**Exercise:**
Write out the whole listing again, exactly as given.

**Material supplied:**
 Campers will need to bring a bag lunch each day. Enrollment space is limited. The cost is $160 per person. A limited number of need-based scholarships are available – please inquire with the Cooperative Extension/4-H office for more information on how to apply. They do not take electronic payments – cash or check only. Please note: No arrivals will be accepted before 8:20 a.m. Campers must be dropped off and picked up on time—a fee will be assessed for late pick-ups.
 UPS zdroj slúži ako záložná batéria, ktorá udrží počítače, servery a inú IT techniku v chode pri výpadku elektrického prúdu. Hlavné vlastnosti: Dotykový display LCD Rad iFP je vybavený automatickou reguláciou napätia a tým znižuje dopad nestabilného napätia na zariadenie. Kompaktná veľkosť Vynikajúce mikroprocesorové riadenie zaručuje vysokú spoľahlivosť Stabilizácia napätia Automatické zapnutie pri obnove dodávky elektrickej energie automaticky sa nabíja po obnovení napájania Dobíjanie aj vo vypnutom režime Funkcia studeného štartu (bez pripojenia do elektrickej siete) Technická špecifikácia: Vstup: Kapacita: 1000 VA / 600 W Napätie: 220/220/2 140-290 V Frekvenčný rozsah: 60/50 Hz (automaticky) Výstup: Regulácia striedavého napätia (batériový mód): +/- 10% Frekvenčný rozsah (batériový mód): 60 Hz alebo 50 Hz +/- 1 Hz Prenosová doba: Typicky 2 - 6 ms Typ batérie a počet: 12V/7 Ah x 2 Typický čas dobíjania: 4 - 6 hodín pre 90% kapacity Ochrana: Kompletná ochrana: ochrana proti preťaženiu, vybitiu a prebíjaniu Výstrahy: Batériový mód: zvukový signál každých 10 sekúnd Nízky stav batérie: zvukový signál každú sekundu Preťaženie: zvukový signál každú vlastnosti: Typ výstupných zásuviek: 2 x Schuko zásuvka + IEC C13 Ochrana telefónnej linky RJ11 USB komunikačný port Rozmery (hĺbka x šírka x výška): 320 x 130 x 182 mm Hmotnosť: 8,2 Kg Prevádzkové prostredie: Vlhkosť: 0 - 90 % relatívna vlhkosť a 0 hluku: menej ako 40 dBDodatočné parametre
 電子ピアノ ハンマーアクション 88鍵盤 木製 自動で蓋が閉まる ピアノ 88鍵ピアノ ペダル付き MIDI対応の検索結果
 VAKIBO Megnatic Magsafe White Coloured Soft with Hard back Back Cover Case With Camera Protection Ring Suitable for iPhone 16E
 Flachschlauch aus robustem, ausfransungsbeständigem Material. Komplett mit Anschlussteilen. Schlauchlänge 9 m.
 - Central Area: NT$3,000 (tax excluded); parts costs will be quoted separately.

**Exercise answer:**
 Campers will need to bring a bag lunch each day. Enrollment space is limited. The cost is $160 per person. A limited number of need-based scholarships are available – please inquire with the Cooperative Extension/4-H office for more information on how to apply. They do not take electronic payments – cash or check only. Please note: No arrivals will be accepted before 8:20 a.m. Campers must be dropped off and picked up on time—a fee will be assessed for late pick-ups.
 UPS zdroj slúži ako záložná batéria, ktorá udrží počítače, servery a inú IT techniku v chode pri výpadku elektrického prúdu. Hlavné vlastnosti: Dotykový display LCD Rad iFP je vybavený automatickou reguláciou napätia a tým znižuje dopad nestabilného napätia na zariadenie. Kompaktná veľkosť Vynikajúce mikroprocesorové riadenie zaručuje vysokú spoľahlivosť Stabilizácia napätia Automatické zapnutie pri obnove dodávky elektrickej energie automaticky sa nabíja po obnovení napájania Dobíjanie aj vo vypnutom režime Funkcia studeného štartu (bez pripojenia do elektrickej siete) Technická špecifikácia: Vstup: Kapacita: 1000 VA / 600 W Napätie: 220/220/2 140-290 V Frekvenčný rozsah: 60/50 Hz (automaticky) Výstup: Regulácia striedavého napätia (batériový mód): +/- 10% Frekvenčný rozsah (batériový mód): 60 Hz alebo 50 Hz +/- 1 Hz Prenosová doba: Typicky 2 - 6 ms Typ batérie a počet: 12V/7 Ah x 2 Typický čas dobíjania: 4 - 6 hodín pre 90% kapacity Ochrana: Kompletná ochrana: ochrana proti preťaženiu, vybitiu a prebíjaniu Výstrahy: Batériový mód: zvukový signál každých 10 sekúnd Nízky stav batérie: zvukový signál každú sekundu Preťaženie: zvukový signál každú vlastnosti: Typ výstupných zásuviek: 2 x Schuko zásuvka + IEC C13 Ochrana telefónnej linky RJ11 USB komunikačný port Rozmery (hĺbka x šírka x výška): 320 x 130 x 182 mm Hmotnosť: 8,2 Kg Prevádzkové prostredie: Vlhkosť: 0 - 90 % relatívna vlhkosť a 0 hluku: menej ako 40 dBDodatočné parametre
 電子ピアノ ハンマーアクション 88鍵盤 木製 自動で蓋が閉まる ピアノ 88鍵ピアノ ペダル付き MIDI対応の検索結果
 VAKIBO Megnatic Magsafe White Coloured Soft with Hard back Back Cover Case With Camera Protection Ring Suitable for iPhone 16E
 Flachschlauch aus robustem, ausfransungsbeständigem Material. Komplett mit Anschlussteilen. Schlauchlänge 9 m.
 - Central Area: NT$3,000 (tax excluded); parts costs will be quoted separately.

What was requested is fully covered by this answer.